Imagine streaming 130 million songs in a single weekend. Or binge-watching 162,500 hours of 4K Netflix. Or reading the entire Library of Congress, 32 times over, in just three days. That’s basically the equivalent of how much data Formula 1 moves every single race weekend.

Two years ago, Formula 1 streamed roughly 500 terabytes of data between its trackside technical center and its UK broadcast hub on race weekends. Today that number is up to 650 terabytes: a 30% jump in just 24 months, and a signal that maybe the world’s most data-intensive sport is racing toward a future where artificial intelligence, edge computing, and real-time telemetry are essentially omnipresent.

I recently had the opportunity to chat with Chris Roberts, who leads F1’s IT team, and Milo Speranzo of Lenovo, F1’s global technology partner, to talk about where all those extra bytes are coming from, and where they’re going.

“We are not nice people,” Roberts said jokingly when I asked him about the challenge of putting together the hardware and software that helps F1 manage and broadcast races. Speranzo laughed and disagreed.

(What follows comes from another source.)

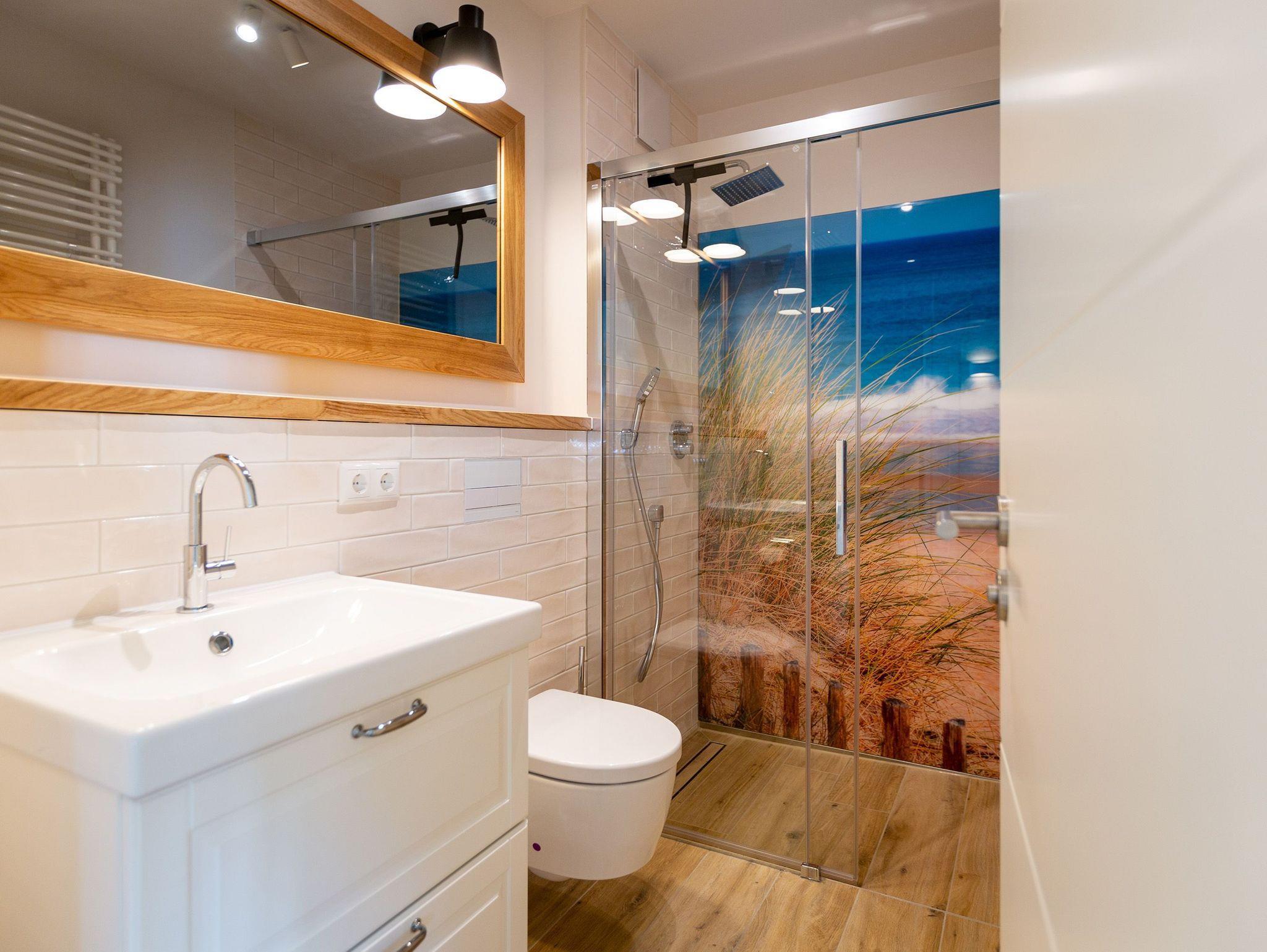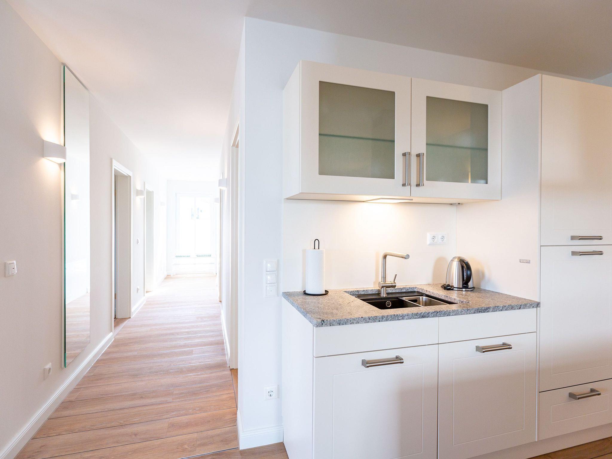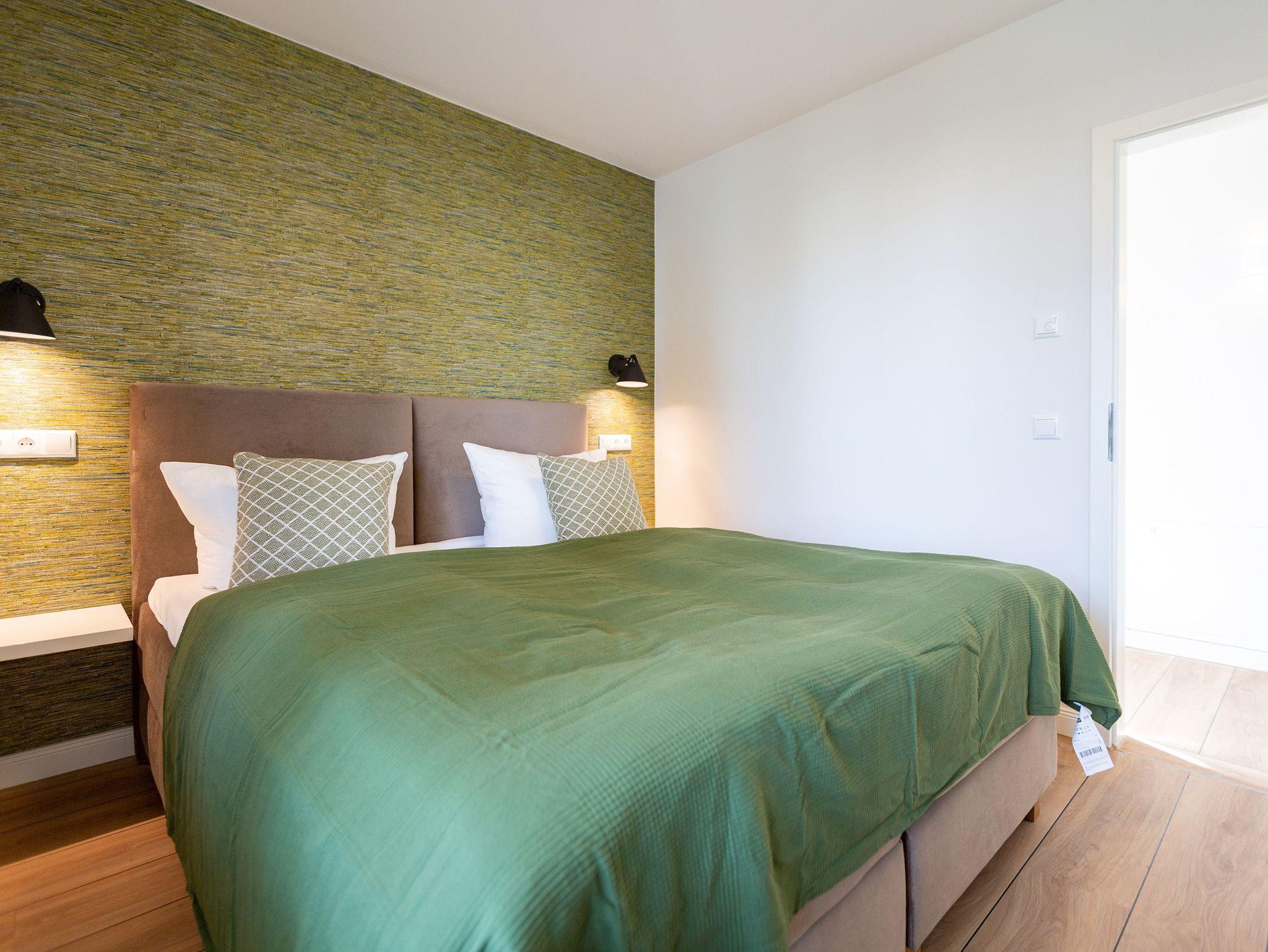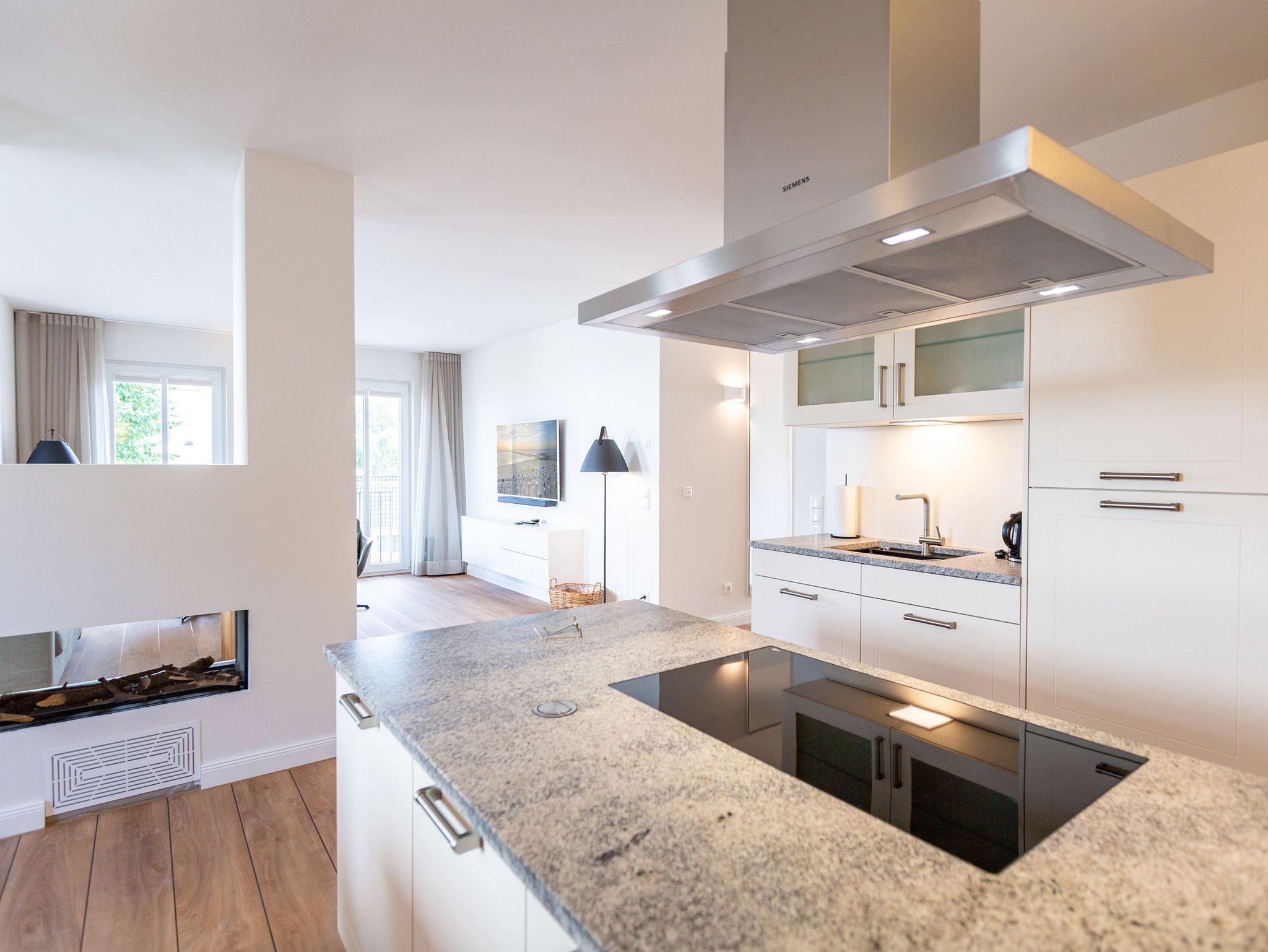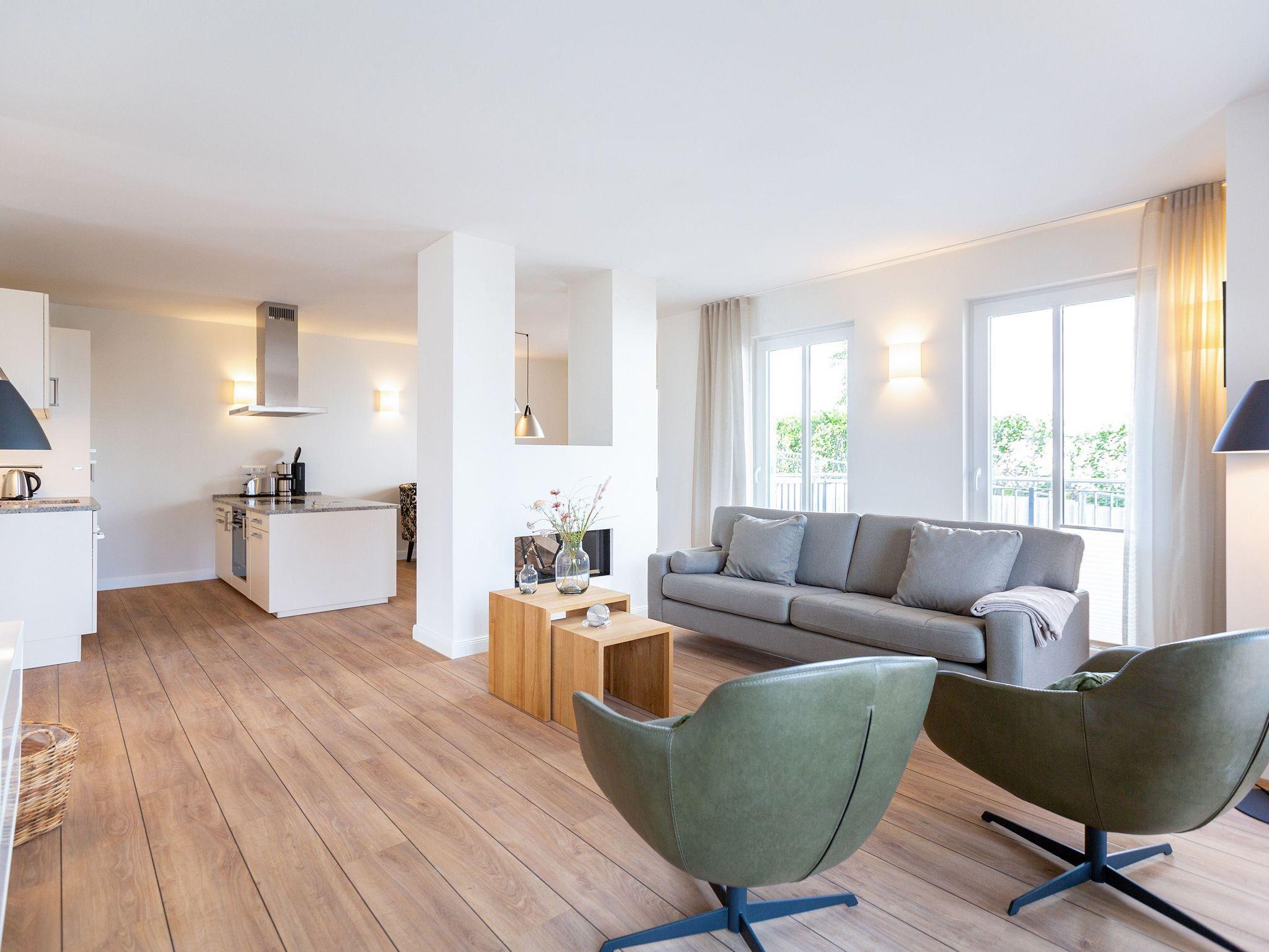 In diesen 2021 errichteten Häusern trifft Helligkeit auf Moderne und bietet Ihnen in seinen stilvoll eingerichteten Zwei- bis Drei-Zimmer Appartements Komfort auf höchster Ebene. Die offen gestalteten Wohn-Ess-Bereiche überzeugen durch ein stylisches Ambiente und ihr großzügiges Raumkonzept. Die teilweise mit Kochinseln ausgestatteten Küchen integrieren sich perfekt in den ebenso schlichten wie modernen Wohnraum. Alle Appartements verfügen über zwei Bäder oder ein Bad und ein zusätzliches Gäste-WC. Um Ihre Auszeit am Meer zusätzlich zu verschönern, wurden alle Appartements mit Gaskamin und Finnischer Sauna ausgestattet. Genießen Sie von den großzügigen Balkonen und Terrassen den Ausblick auf die parkähnliche Grünanlage oder verbringen Sie Ihren Abend auf dem frei zur Verfügung stehenden Grillplatz mit Sitzecke und Grill. Ein kostenloser PKW-Stellplatz in der Tiefgarage (Einfahrtshöhe 1,95m, Anfahrt über die Straße ?Kieferngrund? Höhe Hausnummer 17) gehört ebenso zum Komfort dieser Appartement-Häuser wie kostenfreies W-Lan. Für E-Autos steht am Objekt eine E-Ladesäule mit 2 Ladeplätzen (gesamt 22 kW) auf dem Grundstück kostenpflichtig zur Verfügung. Eine Waschmaschine und ein Trockner können Sie gegen Gebühr über die kostenlose App (Android [&] Apple) WeWash nutzen.

But it’s a formidable data challenge.

The race cars that rocket around a Formula 1 track at over 200 miles per hour might look like the world’s fastest racing machines on wheels, and they are. But under the surface, they’re really data-spawning monsters. Each of the 22 cars on a 2026 Formula 1 grid carries 300 sensors that generate more than 1 million data points every single second. Add it up over a full race weekend, and F1’s race cars will create roughly eight terabytes of telemetry alone, giving Mercedes, Red Bull, McLaren and every other team massive amounts of data on engine performance, suspension behavior, gearbox efficiency, fuel flow, G-forces, driver inputs and more.

And car telemetry is only one source of data at a Formula 1 race.

F1 also deploys 28 ultra-high-definition track cameras, between four to six cameras embedded in kerbs, bridges and barriers, plus a gyro-stabilized helicopter cam, mobile cameras throughout the pit lane, over 100 on-car cameras across the field, plus drone cameras. A non-live 360-degree camera on every car captures another 480 GB of footage per race and up to 150 microphones are deployed around each circuit to capture the sounds as well as the images of the race.

All of that data funnels through a roving technical center that gets disassembled after every race and shipped to the next location. It’s “the biggest, most complex transportable facility of its type in the world,” Roberts says, housing 750 pieces of equipment running 40 bespoke software systems running on Lenovo servers that provide 1.4 terahertz of CPU across 512 cores, 8.2 TB of RAM, and 100 TB of all-flash storage.

The data is growing because the audience is changing

It might look like data growth in F1 is purely a function of more sensors and higher-resolution cameras. That’s a big part of the story, sure, but another major driver is who’s watching today.

Formula 1’s global fanbase now stands at 827 million, Roberts says. That’s a 12% year-over-year increase and a 63% jump compared to 2018. More telling is the demographic shift: 43% of fans are now under 35 and 42% are female. F1 now says it has 300 million fans in China and India: relatively new markets for motorsport.

Those new and younger fans don’t want just a static broadcast feed, Roberts says. They want stats, multi-camera angles, driver tracker overlays, strategy breakdowns, social clips, behind-the-scenes content, on-board camera views, and instantly-available TikTok videos of Verstappen’s latest overtake. In 2025, F1 produced over 10,000 videos for its social channels that racked up more than 18 billion video views, and that’s going up in 2026.

“There’s casual fans all the way through to some real avid fans, and we’ve got to talk to all of them,” Roberts says.

That requirement to feed all of that fan base with what they want is what pushed F1 to overhaul its telemetry pipeline at the start of this season, processing it on-site rather than at its UK broadcast center, resulting in a .3 second reduction in latency.

Seems small, sure, but in a sport measured literally down to the 10,000th of a second, it’s kind of a big deal. Maybe not enough to help Ferrari make the right strategy calls, of course.

AI is entering the equation

All that data is helping F1 teams race faster, of course. But it’s also helping Formula 1 enter the AI era.

Roberts said his team is replacing F1’s laptops with AI-enabled versions and shifting workloads that used to live in the cloud down to on-prem infrastructure and edge devices. That’s closer and faster: important for a mobile operation.

But it also has operational benefits. Roberts described a scenario where AI agents running on edge compute can autonomously diagnose and recover a network node at the far end of a circuit, reducing the need for his team to run or drive over and fix it manually.

“If you’ve got an AI agent that can then autonomously do some fault finding, understand why it might be disconnected, perform some actions and then get itself reconnected … this is a game changer for any organization,” he said.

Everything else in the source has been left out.